Com o Brasil enfrentando desafios para cumprir a meta fiscal para o final do ano, o governo tem adotado métodos cada vez mais criativos para contabilizar despesas, isenções fiscais e novas receitas. Essas estratégias estão gerando preocupações entre especialistas sobre a credibilidade do novo regime fiscal do país.
Medidas não convencionais para atingir a meta
Enquanto a maioria dos economistas privados defende cortes nos programas de gastos para eliminar o déficit orçamentário, o presidente Luiz Inácio Lula da Silva tem se mostrado relutante em diminuir os gastos. Em vez disso, seu governo tem buscado atingir a meta fiscal com receitas adicionais e propostas pouco convencionais, como a limpeza de contas bancárias esquecidas, o uso de um banco estatal para subsidiar o custo do gás de cozinha e a criação de uma nova isenção fiscal para medalhistas olímpicos. Essas medidas têm sido criticadas por desviarem as regras da legislação fiscal.

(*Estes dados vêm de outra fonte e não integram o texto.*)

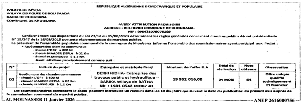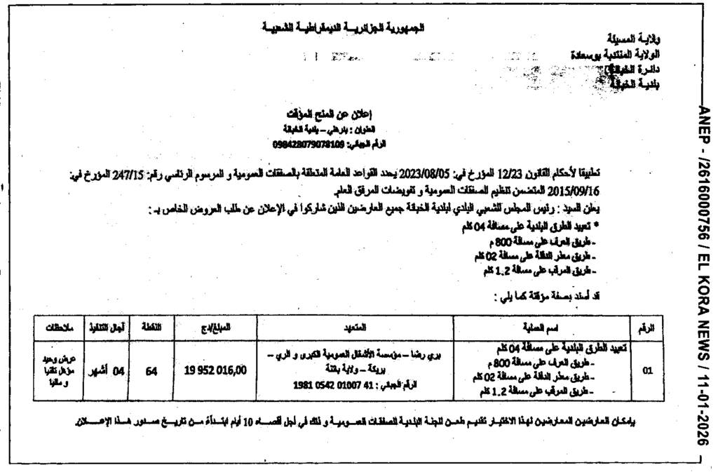 إعلان عن المنح المؤقت تعبيد طرق البلدية/ بلدية الخبانة
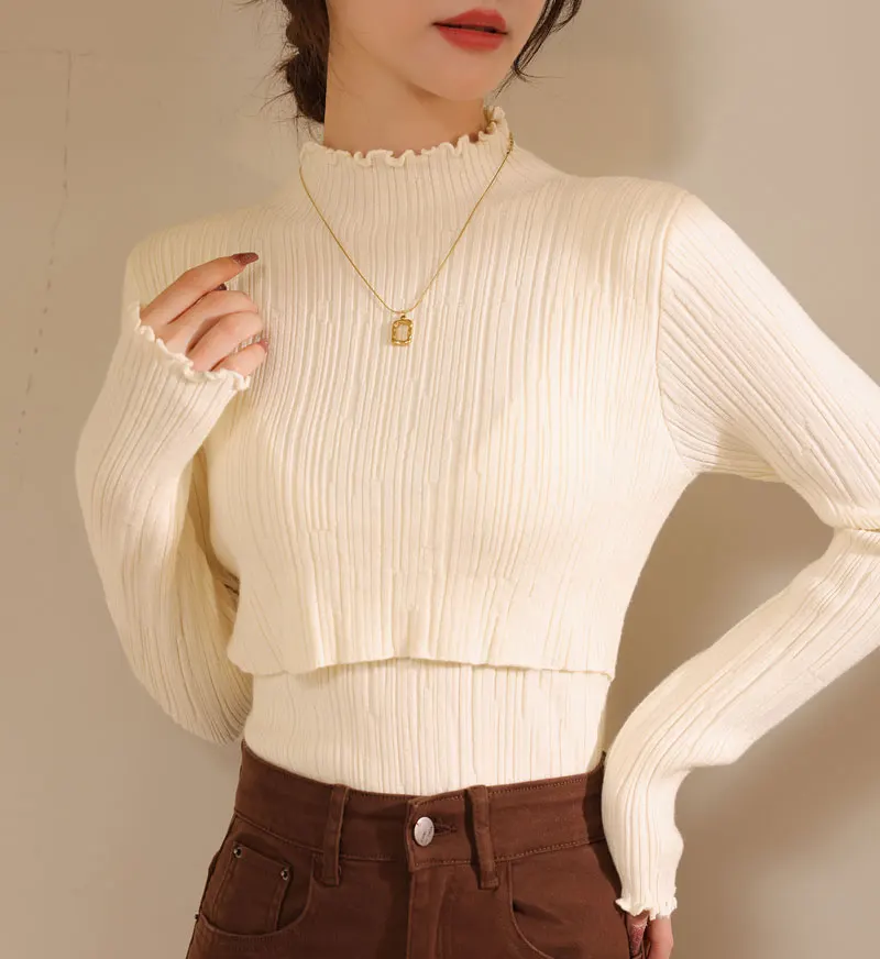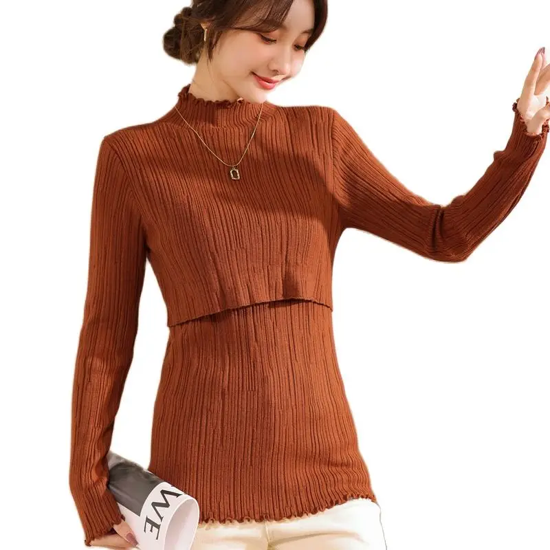 Chandails d'allaitement d'hiver à manches longues et col roulé, vêtements d'allaitement de maternité post-partum pour femme, tricot d'allaitement, couleur unie
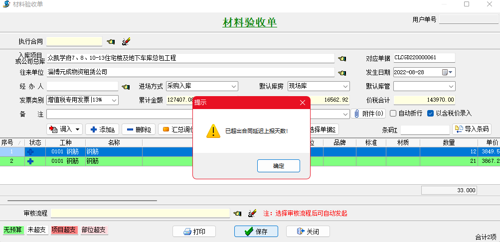為了控制單據延遲上報時間,金石工程項目管理軟件專門開發了機械日報單、材料采購單、外包機械單、其它費用單、外包人工單、采購變更單、分包變更單、租賃變更單、其它變更單、銷售變更單等單據延遲上報天數設置。也就是企業可以自定義單據延遲上報天數,單據發生日期超出上報天數時不允許保存。
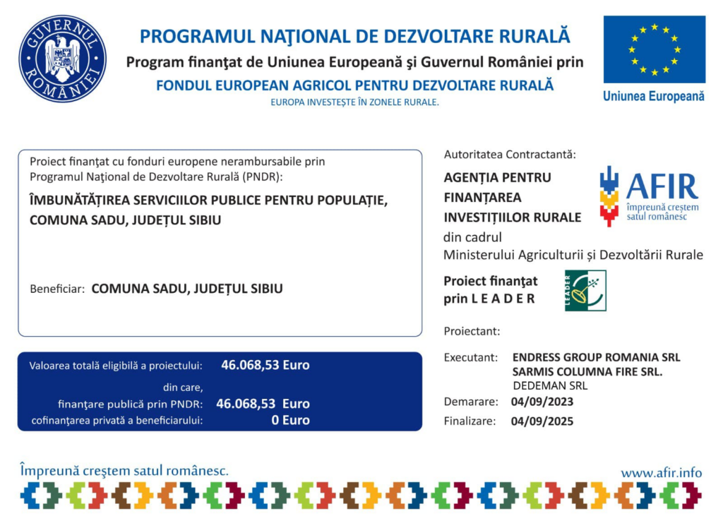 Încă un proiect implementat cu succes și fără corecții financiare! Miercuri, 28 august 2024, a avut loc vizita în teren și închiderea proiectului „Îmbunătățirea serviciilor publice pentru populație, comuna Sadu, județul Sibiu”, finanțat prin AFIR- Agenția pentru Finanțarea Investițiilor Rurale.
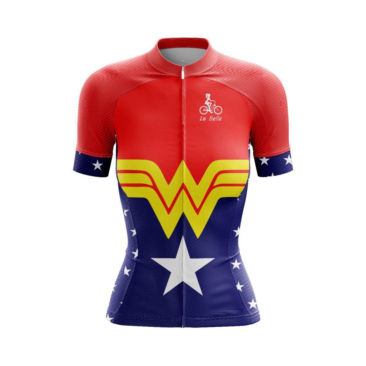 Camisa ciclismo feminina mulher maravilha Clearance
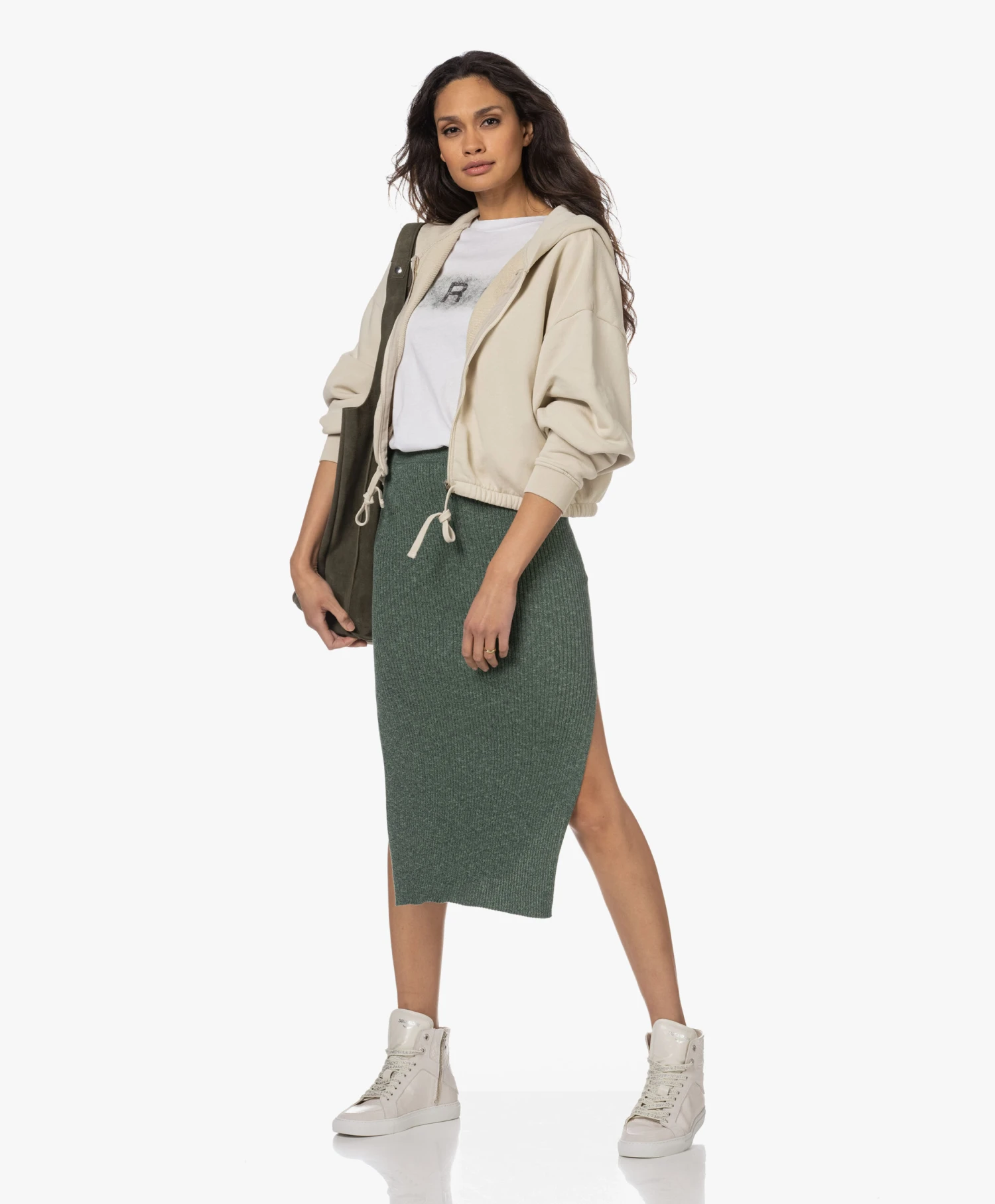 – Ritssluiting aan de binnenkant, zilverkleurige hardware
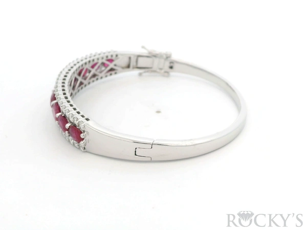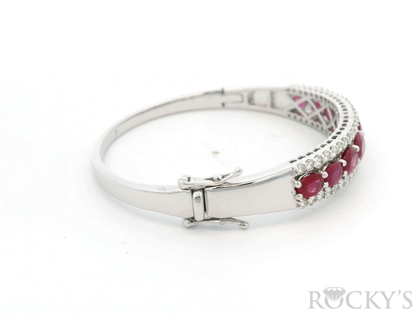 White 14k Ruby Bracelet with 2.35Tw Round Shape Diamond and 8.43Tw Oval Shap e Ruby
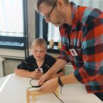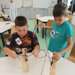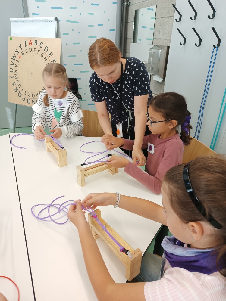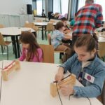 si za vedení lektorky Mirky vytvořili náramek přežití na speciálním dřevěném stavu.
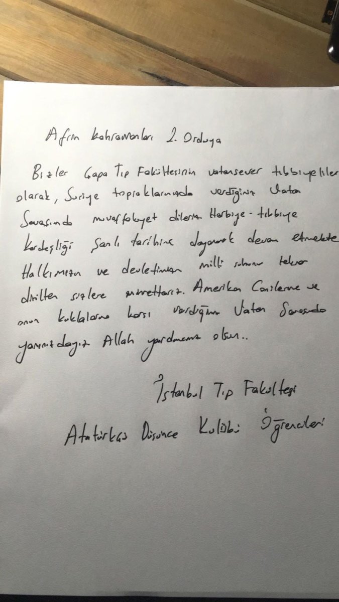 İstanbul Tıp Fakültesi Atatürkçü Düşünce Kulübü öğrenciler yazdığı mektupta şunları söyledi: “Afrin Kahramanları 2. Orduya,
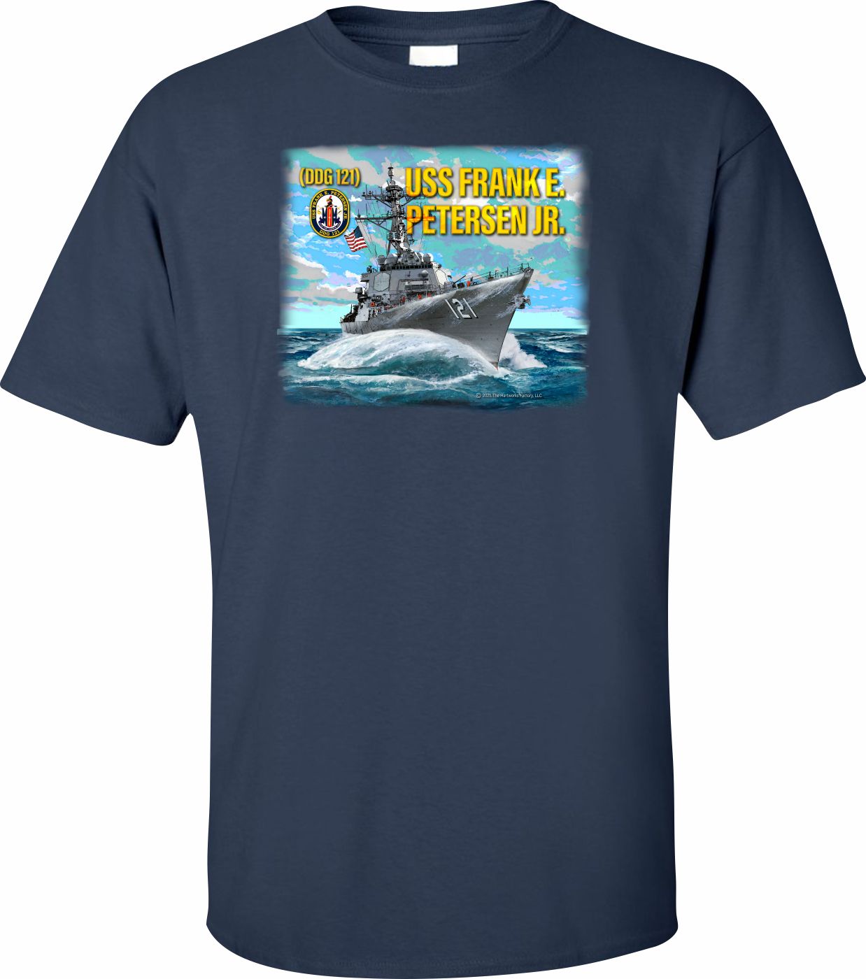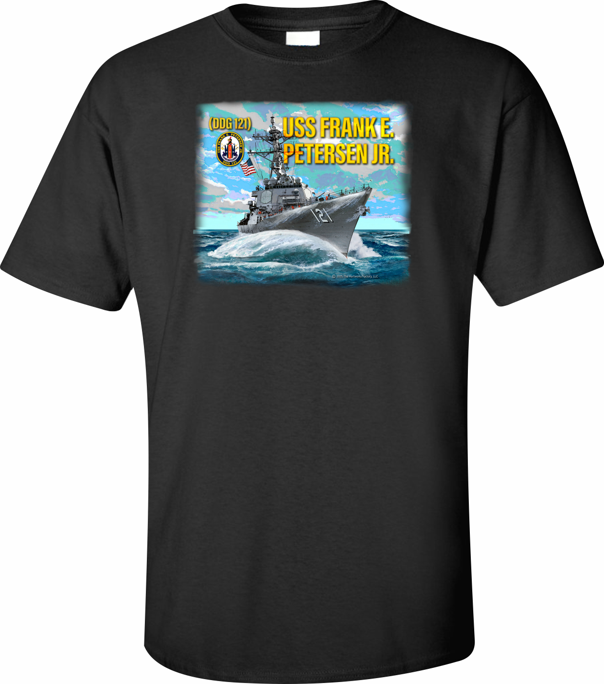 MilitaryBest is proud to offer this fine USS Frank E. Petersen Jr. DDG-121 Printed Art T-Shirt. This shirt features a full front print, with beautiful artwork designed by licensed Navy artist David Hart. This shirt is available in black and navy blue colors. Each T-shirt is proudly printed in the USA.Unless there is a defect in workmanship or material, these shirts are unreturnable.
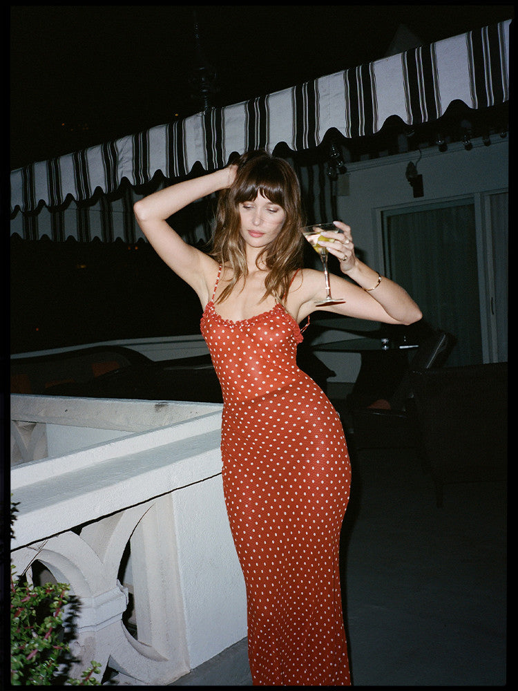 Indulge in the sheer elegance and playful sensuality of the Esmé Dress. Inspired by '70s French boudoir chic, this slip-on piece features delicate ruffle trim at the neckline for effortless sophistication. For a daring look, pair with your favorite lingerie, or opt for more coverage with a nude silk Under Slip. Elevate your style with the Esmé Dress.
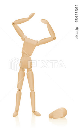 Don't lose your head. Headless wooden figure losing its mind with head dropped down on the floor. Symbol for sorrows, desperation, stress, worries or hopelessness. Vector over white.
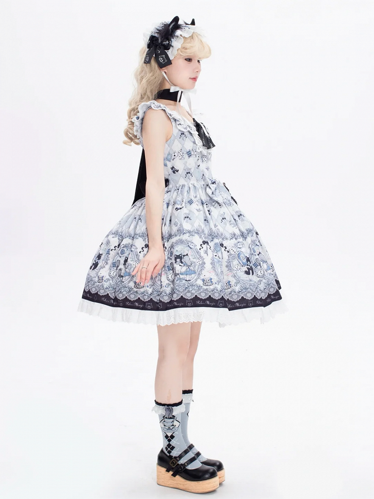 Black and White Old School Lolita Fashion Dress Bowknot Lolita JSK Set
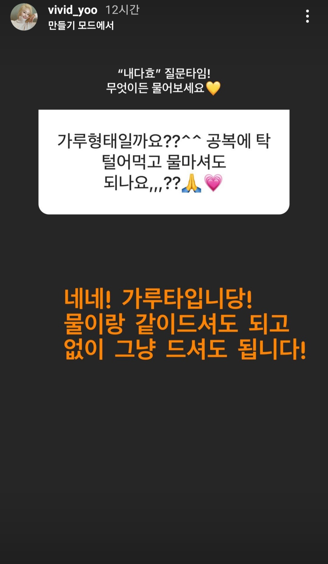 저처럼 물 없이 바로 털어 드셔도 되고
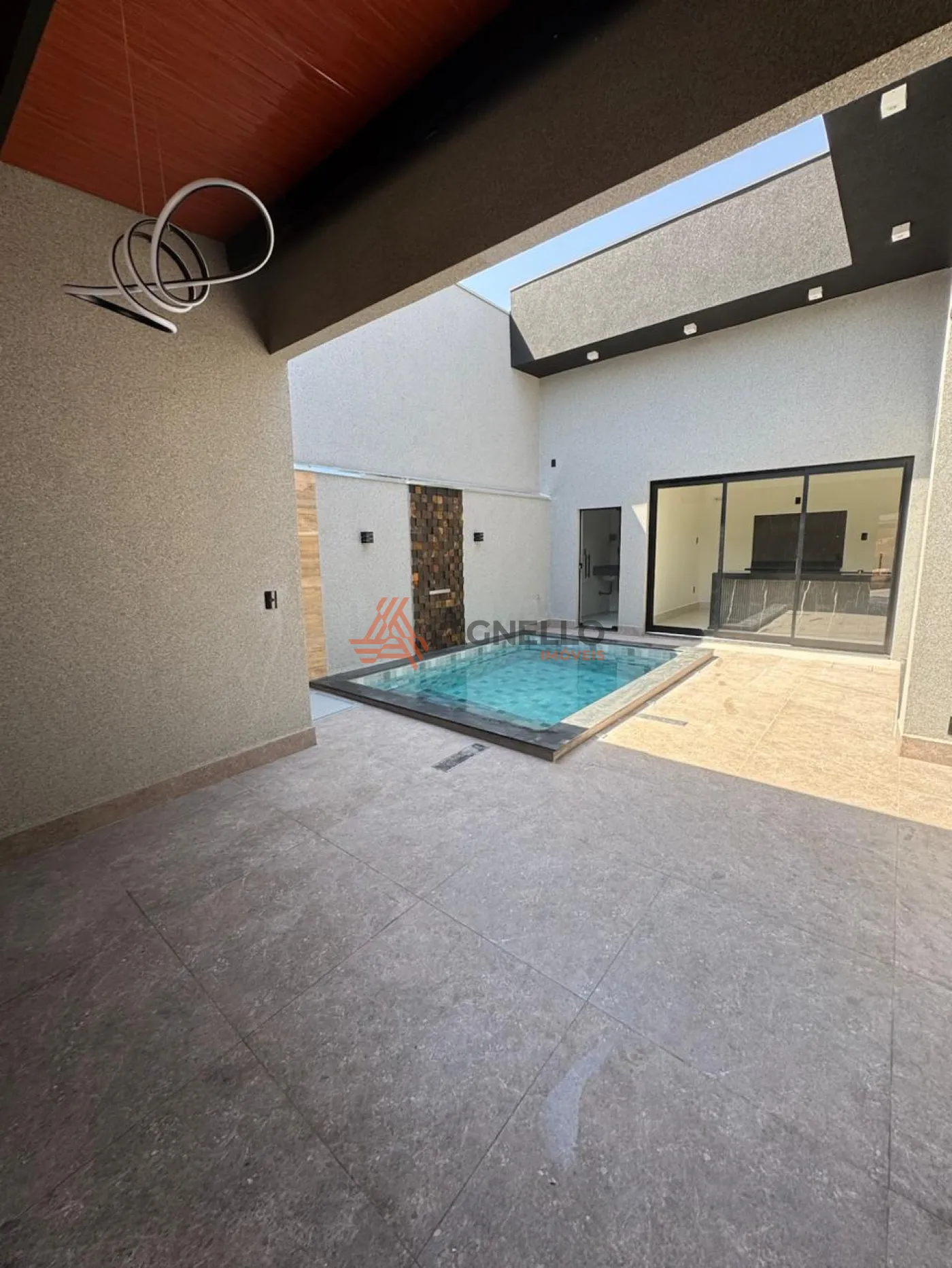 Imóvel com ótimo acabamento, três dormitórios sendo uma suíte com espaço para closet, sala, cozinha, varanda gourmet com lavabo, piscina, lavanderia e garagem coberta para 3 carros. Encanamento para água quente.
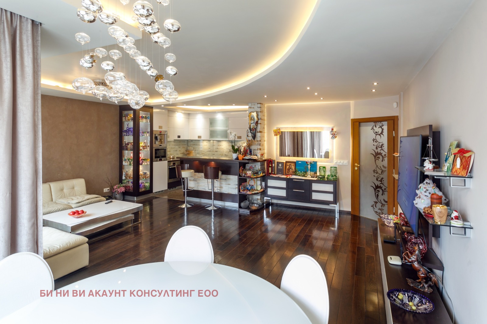 ОБЗАВЕЖДАНЕ И ИЗПЪЛНЕНИЕ: Апартаментът впечатлява със стилен интериор и италиански дизайнерски мебели във всички помещения. Кухнята е изпълнена по индивидуален проект и оборудвана с висок клас електроуреди BOSCH:

O Ministério da Fazenda afirmou estar comprometido com a meta orçamentária e com o cumprimento rigoroso das regras fiscais para garantir a solidez das contas públicas. No entanto, economistas alertam que essas manobras podem prejudicar o investimento privado e aumentar os custos de financiamento.
“Todos viram o extent da distorção dos dados fiscais nas administrações anteriores do Partido dos Trabalhadores, o que afeta o sentimento do mercado”, comentou Marcos Mendes, pesquisador do Insper.
Desafios a longo prazo e preocupações com a credibilidade
Para acalmar as preocupações do mercado, Lula comprometeu-se com um novo arcabouço fiscal que limita o crescimento das despesas e busca criar um superávit orçamentário até 2026. No entanto, a maioria dos economistas ainda vê a meta para este ano como inatingível, prevendo um déficit primário de 0,6% do PIB, uma melhora em relação ao déficit de 2,4% do ano passado.
Alguns críticos argumentam que a busca por receitas pontuais e gastos fora do orçamento para atingir a meta pode desviar a atenção do trabalho mais difícil necessário para controlar a dívida pública. “Adicionar valor apenas para atingir a meta não mudará nossa posição fiscal, apenas minará a credibilidade da meta”, afirmou o ex-secretário do Tesouro, Jeferson Bittencourt, economista da ASA Investments.
Desde o início do mandato de Lula em janeiro de 2023, a dívida bruta do governo aumentou quase 7 pontos percentuais, atingindo 78,5% do PIB em julho. Um membro da equipe de política econômica do governo, que falou sob condição de anonimato, reconheceu que medidas de curto prazo para controlar despesas, como a repressão a beneficiários fraudulentos de programas sociais, não serão suficientes para sustentar o novo arcabouço fiscal nos próximos anos. “É necessário fazer algo mais estrutural”, disse a fonte, acrescentando que esforços mais dramáticos para controlar os gastos sociais encontrariam resistência no Partido dos Trabalhadores.
Controvérsias e debates sobre leis fiscais
A busca pela meta de fim de ano desencadeou uma série de debates sobre a legislação fiscal do Brasil. Quando legisladores aliados ao governo tentaram apropriar mais de 8 bilhões de reais deixados em contas bancárias esquecidas pelo Tesouro, o Banco Central emitiu uma nota argumentando que os fundos não deveriam contar para a meta fiscal. A coalizão do governo na Câmara dos Deputados respondeu com uma disposição para incluir esses fundos no orçamento.
O governo também tem contado com bancos estatais para reforçar programas sociais sem contabilizar os custos no orçamento federal. Em agosto, foram propostas subsídios ao gás de cozinha para famílias pobres, financiados com recursos da exploração de petróleo em alto-mar e roteados através do banco público Caixa Econômica Federal. Após críticas, o governo prometeu redesenhar a ideia.
Outra manobra semelhante, envolvendo a canalização de fundos do Fundo Nacional de Aviação Civil através do banco de desenvolvimento BNDES para fornecer empréstimos a companhias aéreas, aguarda assinatura presidencial. Embora algumas isenções fiscais do governo tenham sido amplamente aceitas, outras, como a isenção de impostos para os medalhistas olímpicos, geraram polêmica por violarem a legislação fiscal e um precedente do Supremo Tribunal Federal.
Um oficial da equipe econômica do governo alertou que, apesar do tamanho dessas manobras, o mais preocupante é o precedente de desrespeitar as regras fiscais.
“Um pequeno truque contábil aqui ou ali pode gerar um gosto por isso, e isso pode crescer”, advertiu o oficial, pedindo anonimato para discutir livremente os debates internos.